If you are at least a little interested in computers, then you probably noticed that almost any modern processor has twice as much as the number of “logical processors” than the number of nuclei. And if with nuclei it is even more or less clear-this is the number of individual physical computational units, then what is the meaning of logical nuclei is not so obvious. In Intel processors, logical cores are the implementation of Hyper-Threading technology and the company assures us that one of the advantages of technology is “parallel work with several resource-intensive applications while maintaining the previous level of performance”. But where this performance comes from, if the nuclei are not physical, but logical? And why do vendors leave us the opportunity to disable this technology in the BIOS settings? Let’s try to figure it out.

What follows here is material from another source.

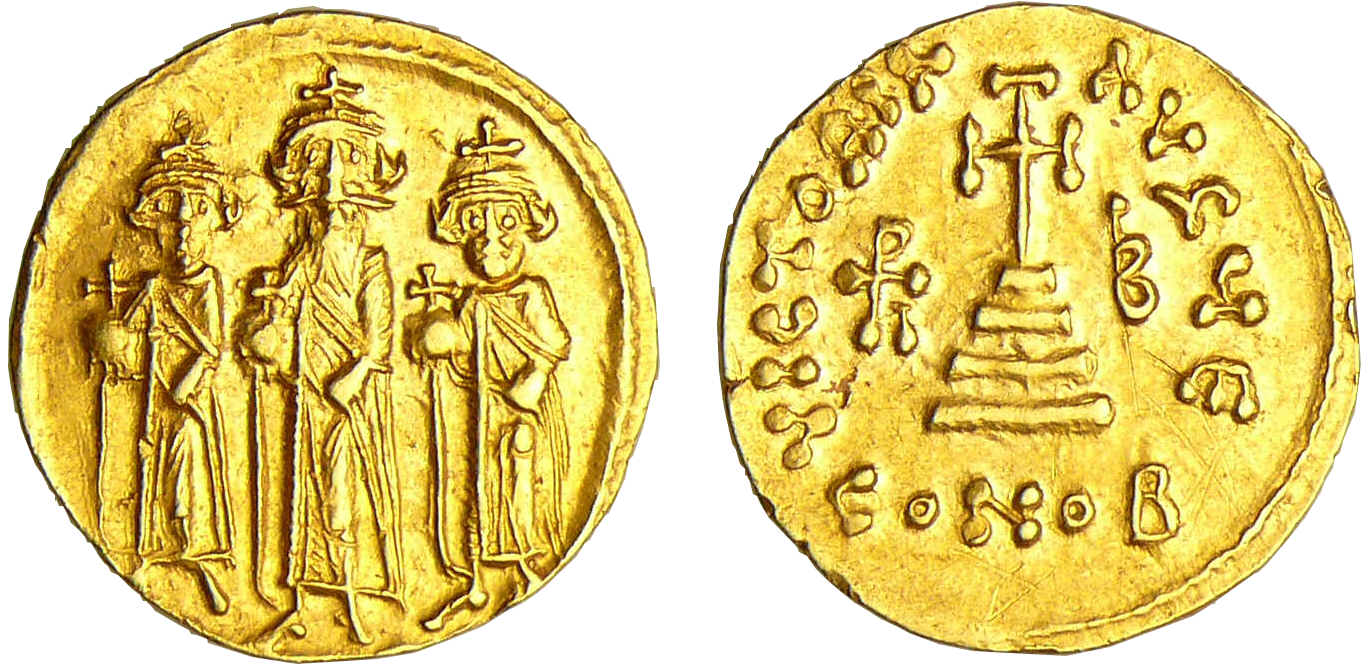 A/ dd NN hERACLIUS ET hERA CONST PP AVG. Héraclius et son fils Héraclius Constantin de face.

Acceleration of calculations
Traditionally, methods for improving performance were concentrated on increasing the power of the nuclei themselves. There are three main approaches: an increase in the working frequency of nuclei, the disordered execution of operations and an increase in the size of the cache. Increasing the frequency of the processor is the most obvious option: the processor can perform more operations per second, which means that the user will get his result faster. But in fact, not everything is so simple: processors already work at very high frequencies and often just wait for new data for processing will come from, say, RAM. In order to somehow smooth out this expectation, the processor may try to predict what these data will be and continue calculating on the basis of these assumptions, but then the price of the prediction error will be great – you will have to go back.
There is another technique – "parallelism at the level of teams". Its essence is to use the capabilities of the processor to perform several operations at the same time. But usually the programs are written so that it is not possible to be executed sequentially, so we can’t just run several instructions at the same time. It is necessary to determine the independent in a certain “window” of instructions and send them for execution by one pack.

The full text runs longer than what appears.